Breaking Eggs And Making Omelettes

Topics On Multimedia Technology and Reverse Engineering


Baldur In Bulk

September 26th, 2008 by Multimedia Mike

I got those Baldur’s Gate videos converted to something more modern. The problem turned out to be in the Interplay MVE demuxer code I wrote long ago for FFmpeg. Once upon a time, timestamps in FFmpeg were supposed to be in reference to a 90 kHz clock. Thanks to Pengvado for pointing out that my demuxer still made that assumption. Fixing the demuxer seems like a lot of work right now. So at this point in the exercise, I opted to simply hard code 15 fps for the framerate.

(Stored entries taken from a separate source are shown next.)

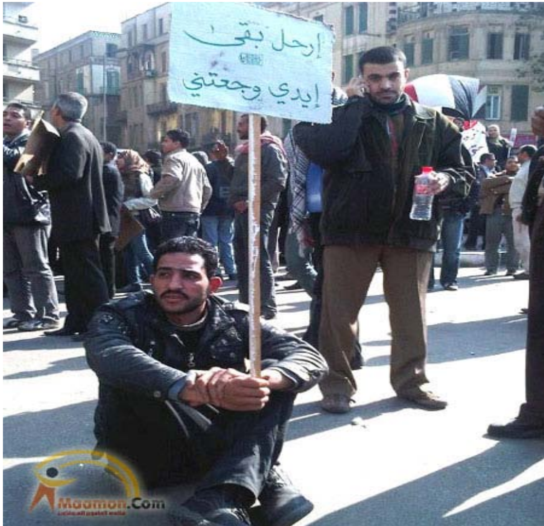
Picture 14 'irhal ba'a 'iidi waga3itni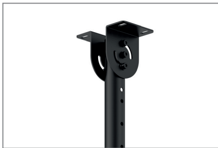
tilting module, continuous, 0 - 90°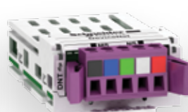
VW3 A3 628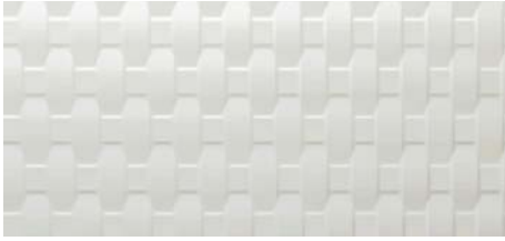
WHITE CHAIN D.STR.E.823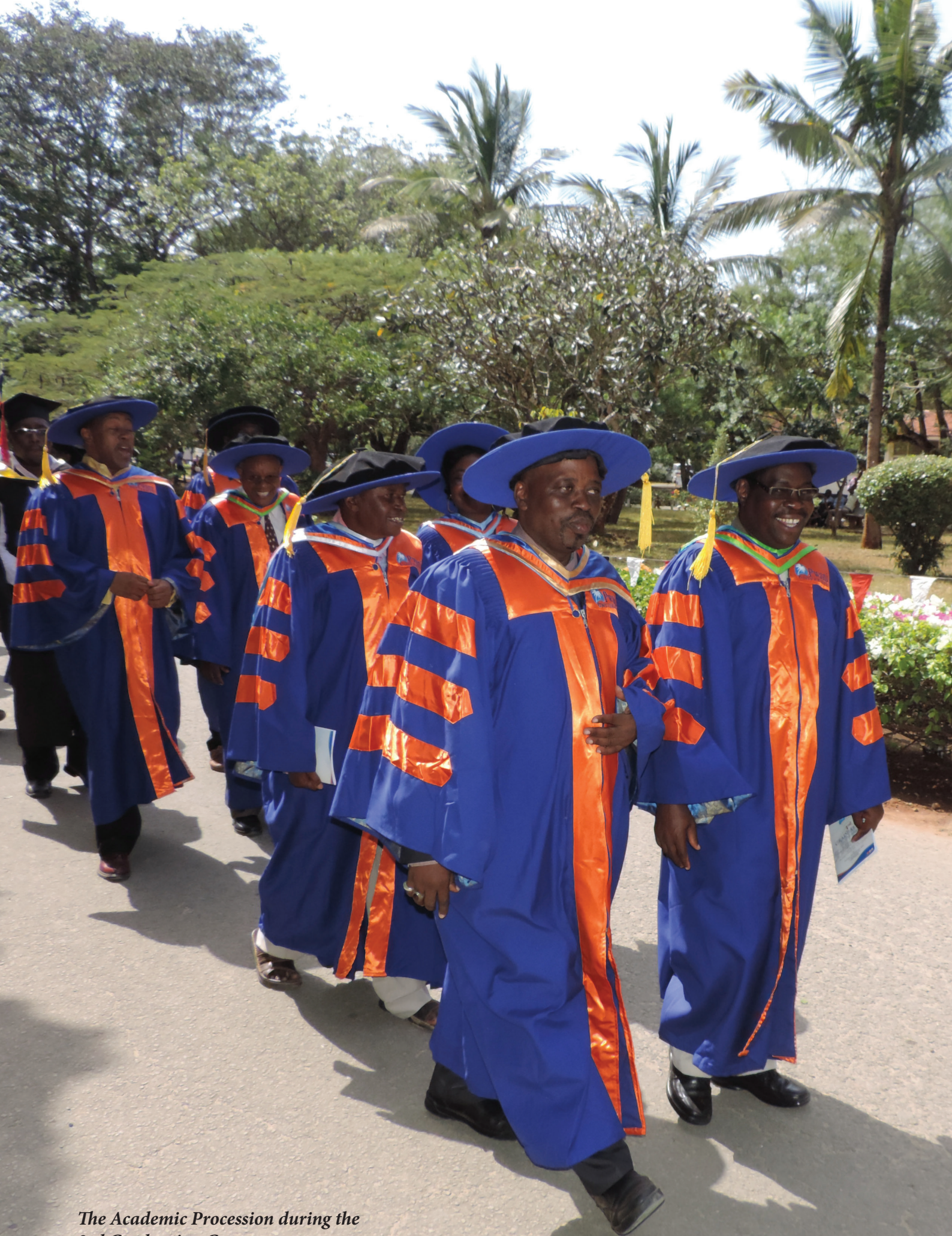
The Academic Procession during the 3rd Graduation Ceremony.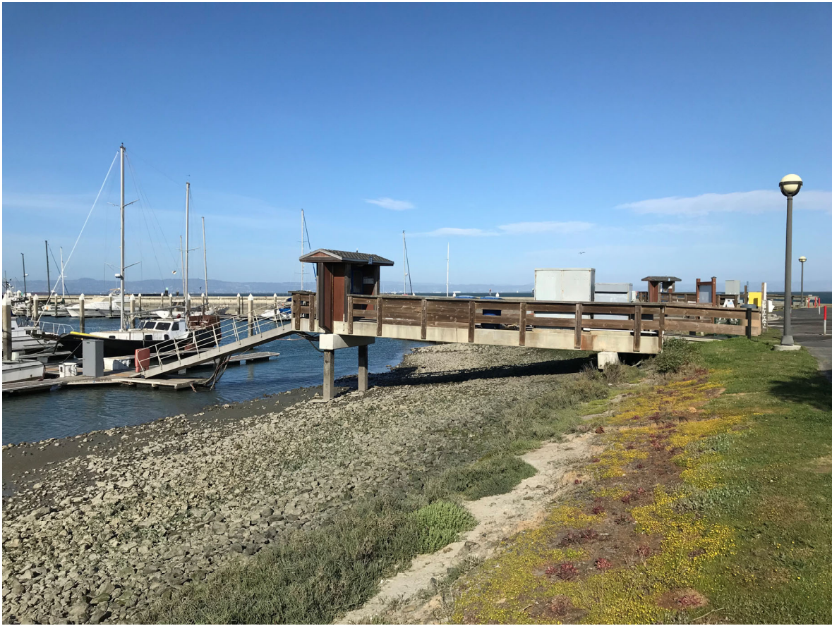
38 – View of East Basin Dock 13 gangway platform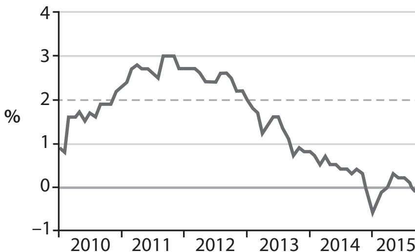
Figure 1 Eurozone CPI rate of inflation, 2010 to 2015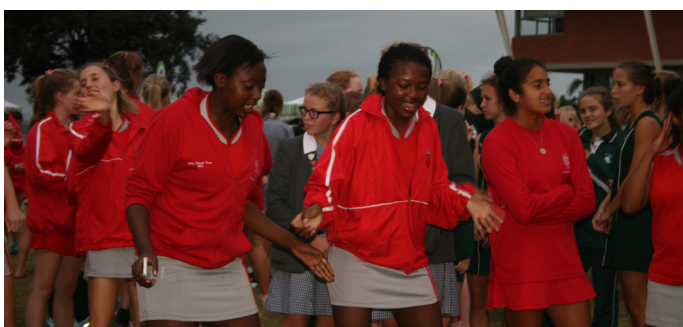
Dance-off at the end of the day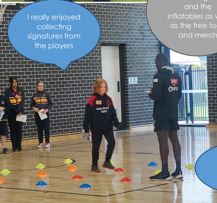
I really enjoyed collecting signatures from the players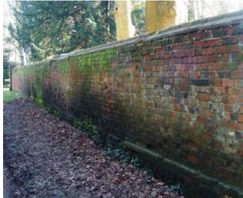
Picture 17. Prominent brick wall that once was the boundary to Aston House. An important architectural and historic feature on this approach.

5.32. Walls to north of Yeomans Drive enclosing properties Nos. 14 and 16 Yeomans Drive. Up to 3m in height and of red brick construction. Of good quality and makes a significant contribution from selected publically accessed locations. Gates with original/early wooden detailing. Area shows on mapping from 1874 to be enclosed and formally planted with typical footpaths associated with a Victorian Kitchen Garden. Some removal of vegetation and repairs would be beneficial.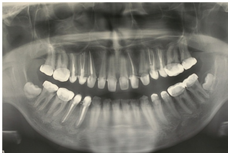
Figure 23 Post-endodontic treatment panoramic radiograph.

noteworthy that SDF is not yet cleared by the FDA for use in dentistry in the U.S. Some dentists in the U.S. suggest using 25% silver nitrate solution followed by 5% sodium fluoride varnish to arrest caries in children [22].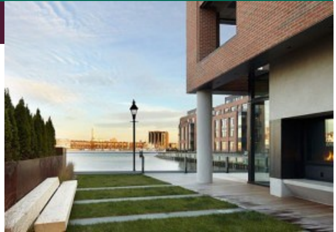
Rear of Union Wharf in the evening

On the 3.5 acre site rests the five-story building, wrapped around a 500-unit parking garage and several courtyards built along the promenade, with 4,500 square feet of it dedicated to retail. The 281 apartment complex is mixed-use residential and development with restaurants. On the lower level, MedStar Medical Group, a pharmacy, and retail outlets occupy the space.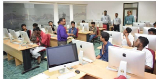
Value Added Courses – iOS Lab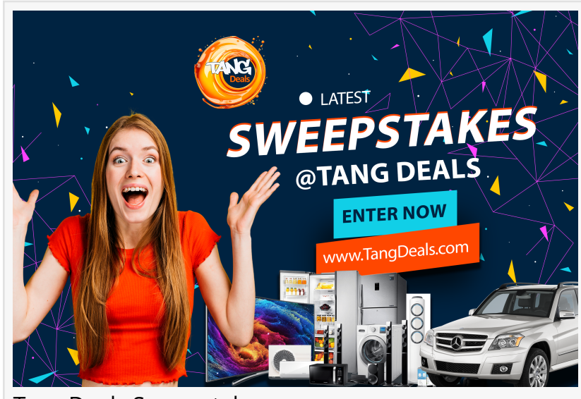
Tang Deals Sweepstakes

Each sweepstake has specific entry requirements. Carefully reviewing these guidelines ensures eligibility and avoids disqualification.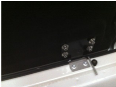
15. Attach pin retainer /locator Button.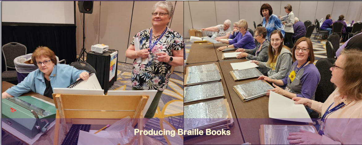
Producing Braille Books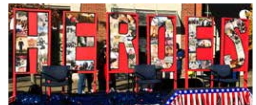
Pictured above: The VNA We Honor Veterans parade float.

The 2019 Lawrence Veterans Day Parade started making its way down Massachusetts Street at 11:00 a.m. on November 9. It was a beautiful, sunny Saturday morning that made for the perfect conditions to honor local Veterans. VNA's float received excellent feedback from the parade attendees. VNA plans to take part in this wonderful event again in 2020 to continue to honor Veterans.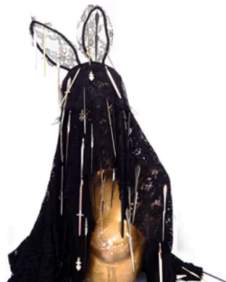
DEATH LETTER HEADPIECE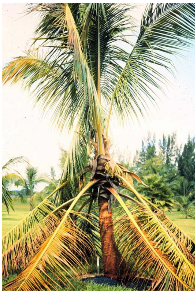
Figure 20. Rapid collapse of Cocos nucifera caused by lightning.

Visual symptoms are usually sufficient for diagnosis. No other disorder can cause a perfectly healthy palm to collapse and die within a couple of days.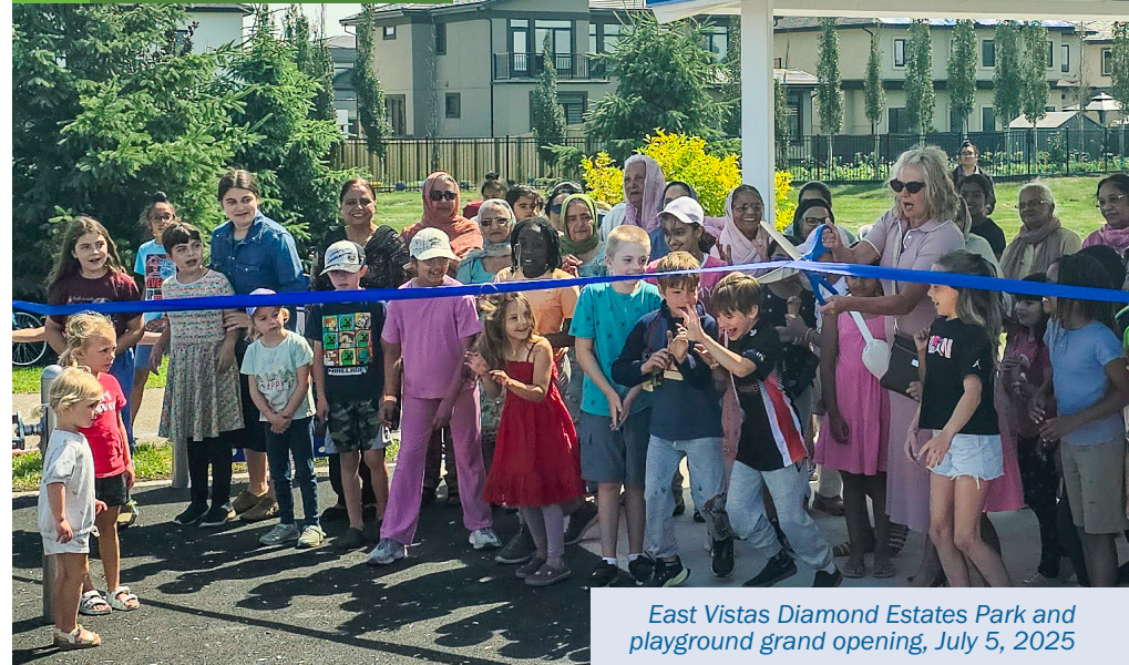
East Vistas Diamond Estates Park and playground grand opening, July 5, 2025

So I got that transcoding process underway, finally. And I made an interesting discovery along the way. I have a colleague who has this quote on his office whiteboard:

Baldur's Gate Nietzsche quote

I can only conclude that said colleague is a huge Baldur’s Gate fan.

Prerequisites for the transcoding operation (basic Kubuntu 8.04 virtual machine):

  • install the libfaac-dev package
  • download and manually compile YASM (required by x264 and the latest YASM packaged by Ubuntu is not bleeding edge enough)
  • download and compile the latest x264 snapshot; configure with –enable-shared
  • get the latest SVN of FFmpeg
  • configure and build FFmpeg with: configure –enable-gpl –enable-postproc –enable-avfilter –enable-avfilter-lavf –enable-swscale –enable-libx264 –enable-libfaac; I don’t really know if all the filter options are strictly necessary for this exercise but I’m used to them by now

So my process for transcoding in bulk after installing this software is:

  • use my Python script (, listed at the end of this post) to split the BIF resource into its constituent MVE files:
    $ MovieCD1.bif
    extracting file #0 at offset 132, 29654204 bytes, to 'MovieCD1.bif-0.mve'
    extracting file #1 at offset 29654336, 6530954 bytes, to 'MovieCD1.bif-1.mve'
  • bulk transcode:
    for mve in `ls *.mve`
      ffmpeg -y -i $mve \
      -acodec libfaac -ab 128k \
      -vcodec libx264 -vpre hq -b 500k -bt 500k \
      `basename $mve .mve`.mp4

The resulting files are highly competitive, size-wise, against the original MVE files. At first, I was monkeying with the bitrate because there were some annoying artifacts in the high motion areas. But then I watched the original videos using ffplay and realized that those artifacts are artifacts in the source material.

Posted in Game Hacking, Python | 7 Comments »

7 Responses

  1. Reimar Says:

    Can’t you just hack your demuxer to set time_base to 1/90000 to get the old behaviour again?
    I’m sure Michael will complain about not fixing it properly but at least it should work ;-)

  2. Reimar Says:

    Ah, I just read the actual comment. Looks to me like your demuxer is actually fine (though maybe a bit ugly), looks to me like the bug is that libx264 seems to assume that the time base is the frame rate – the actual frame rate is not available via the FFmpeg API, AFAIK…

  3. Multimedia Mike Says:

    The part I don’t understand is that, since the 90 kHz thing is an MPEG mainstay, what happens when feeding MPEG files into x264? Alas, if I understood MPEG better, this would probably be obvious to me.

    It should be possible to fix the Interplay MVE demuxer to output a more responsible framerate. It will require a little refactoring, though.

  4. Pengvado Says:

    All the mpeg files I have on hand report a timebase of 1001/30000 sec. Even the ones that are 24fps. Those would have a 20% lower bitrate than I ask for, except that ffmpeg duplicates frames, so I instead get the right bitrate but stuttering. If I override framerate with “-r” then both the actual number of frames encoded and the framerate reported to x264 match that new value.
    I don’t see 90000 of anything in mpeg.

  5. avenger Says:

    Hey, can you do the same feat with Icewind Dale 2? (that one is using bink video not interplay mve).

  6. Multimedia Mike Says:

    Not until we reverse engineer Bink video.

  7. avenger Says:

    Oops, right. For a moment i thought you already did that, but now i see only Bink Audio and the Container format are known so far.